Date du document : 26/06/2025
Date de mise en ligne : 17/07/2025
Bien qu’il n’existe pas de seuil réglementaire européen ni de recommandation en matière de taux de leucocytes résiduels pour le plasma pour fractionnement (PPF) destiné à la fabrication de médicaments dérivés du plasma (MDP), la France recommande depuis 1998 une étape de déleucocytation (ou leucoréduction) exigeant un taux de leucocytes résiduels inférieur à 1,0 x 106 par litre, pour au moins 90% de la production. La raison de cette mesure est en lien avec le tropisme électif des prions responsables de la forme variante de la maladie de Creutzfeldt-Jakob (vMCJ) pour le système lymphoïde. La déleucocytation des PPF est estimée réduire leur infectiosité vis-à-vis des prions d’un facteur compris entre 0,3 et 1 log10. En regard de ce bénéfice, la déleucocytation représente une contrainte importante pour les collecteurs de PPF, avec notamment un choix très limité de fournisseurs de machines d’aphérèse permettant de filtrer le plasma avec une telle performance, l’impossibilité d’utiliser des machines mobiles autorisant des collectes à distance des maisons de dons, une perte en matière première liée à l’étape de filtration et des surcoûts importants du PPF par rapport à la concurrence.
Le Haut Conseil de la santé publique (HCSP) a été saisi sur l’opportunité de faire évoluer cette exigence réglementaire sans compromettre la sécurité sanitaire par rapport au risque prion. Pour étayer son avis, le HCSP a réuni un groupe de travail comportant, outre des représentants de l’Agence Nationale de Sécurité du Médicament et des produits de santé (ANSM), de l’Etablissement Français du sang (EFS) et du Laboratoire Français de Fractionnement et des Biotechnologies (LFB), un panel de spécialistes des maladies à prions. Les éléments qui ont été analysés pour fonder cet avis reposent sur des considérations épidémiologiques concernant la « queue épidémique » de l’épisode de vMCJ, sur une analyse bénéfice-risque de la suppression de l’étape de déleucocytation, sur une étude critique de l’efficacité des méthodes alternatives revendiquées par le LFB pour inactiver les prions, sur un travail de modélisation probabiliste conduit au sein du groupe de travail pour évaluer l’impact sécuritaire de la suppression de l’étape de déleucocytation dans la fabrication des PPF, sur une étude conduite en Grande-Bretagne ayant conduit à réintégrer les donneurs britanniques pour la confection des immunoglobulines et enfin sur l’enjeu de santé publique représenté par le projet national « Ambition plasma » destiné à accroître l’autonomie sanitaire de la France et de l’Europe en matière de production de MDP et notamment d’immunoglobulines.

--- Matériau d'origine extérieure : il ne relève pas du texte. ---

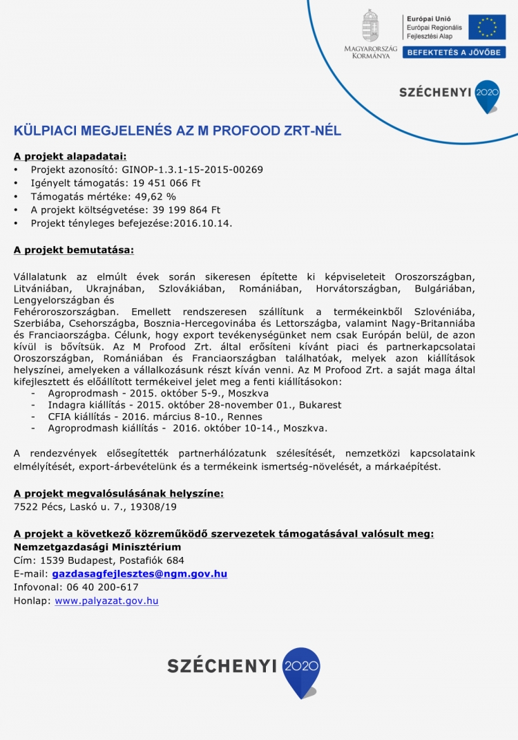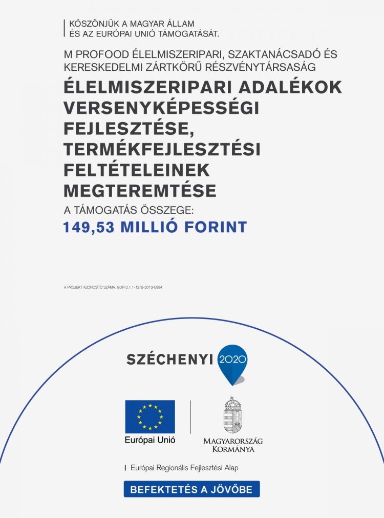 A „gyártáskapacitás bővítése az M Profood Zrt.-nél” valamint a „külpiaci megjelenés az M Profood Zrt.-nél” projektek keretében vállalatunk tovább tudta növelni a termelést, és ezáltal gazdasági versenyképességét.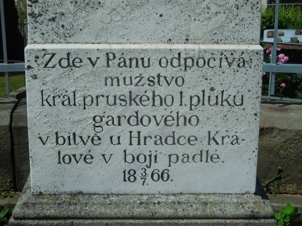Čelní strana: \ Hier ruhen in Gott die gefallenen Mannschaften des Preussischen 1 – Garde – Dragoner – Regiments. \ Zde v Pánu odpočívá mužstvo král. pruského 1. pluku gardového v bitvě u Hradce Krá – lové v boji padlé. 18 3./7. 66. \ Pravá strana: \ Renov. 1890. Č. 49. \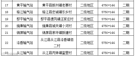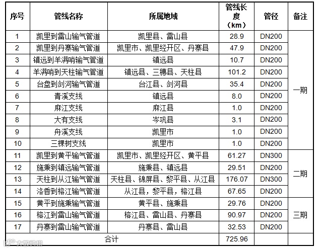 同时,根据黔东南州发展和改革委员会《关于对东黎公司县县通天然气管道分期实施事宜的复函》黔东南发改能源[2017]85号,本项目共分为三期工程,各期线路分段情况如下: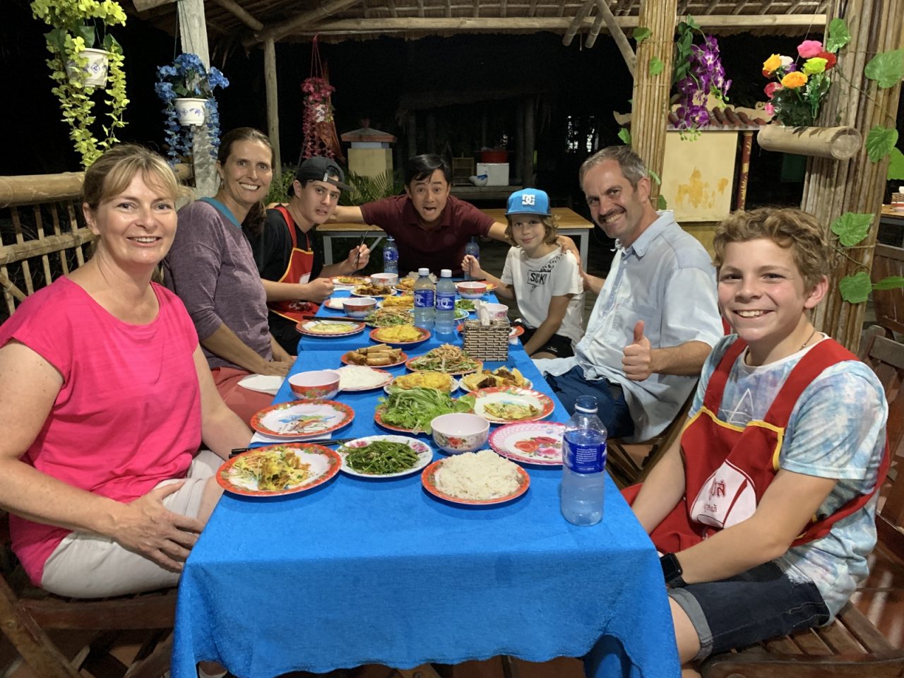 Zuletzt die Belohnung, ein super leckeres Essen (im Vordergrund eine australische Mutter mit ihrem Sohn, im Hintergrund Mr. Cu)

Au vu de tous ces éléments, le HCSP se prononce sur l’opportunité de supprimer l’étape de déleucocytation lors de la fabrication des 14 MDP fabriqués par le LFB dont le seuil d’infectiosité résiduelle pour les prions, en situation de scénario du pire, est considéré comme négligeable car en dessous du seuil de 0,01 doses infectieuses 50% pour chaque administration de produit.
Le HCSP recommande au final d’appliquer au PPF la norme européenne en vigueur pour le plasma frais congelé, soit un taux de leucocytes résiduels < 0,1 x 109 par litre pour au moins 90 % de la production. Le HCSP assortit cet avis de recommandations complémentaires visant (i) à utiliser de la part du LFB des approches méthodologiques en accord avec l’état des connaissances actuelles sur les prions pour l’évaluation des méthodes alternatives à la déleucocytation capables d’inactiver ces agents, (ii) à renforcer la vigilance épidémiologique vis-à-vis de la survenue de nouveaux cas de vMCJ ou de cas atypiques de maladies à prions, et (iii) à réévaluer tous les 3-4 ans la stratégie mentionnée dans l’avis pour s’assurer de sa pertinence. Par ailleurs, le HCSP rappelle le maintien des exigences actuelles de déleucocytation pour les produits sanguins labiles, y compris le plasma à usage thérapeutique, car cette mesure est la seule capable de réduire un risque prion résiduel dans ces produits.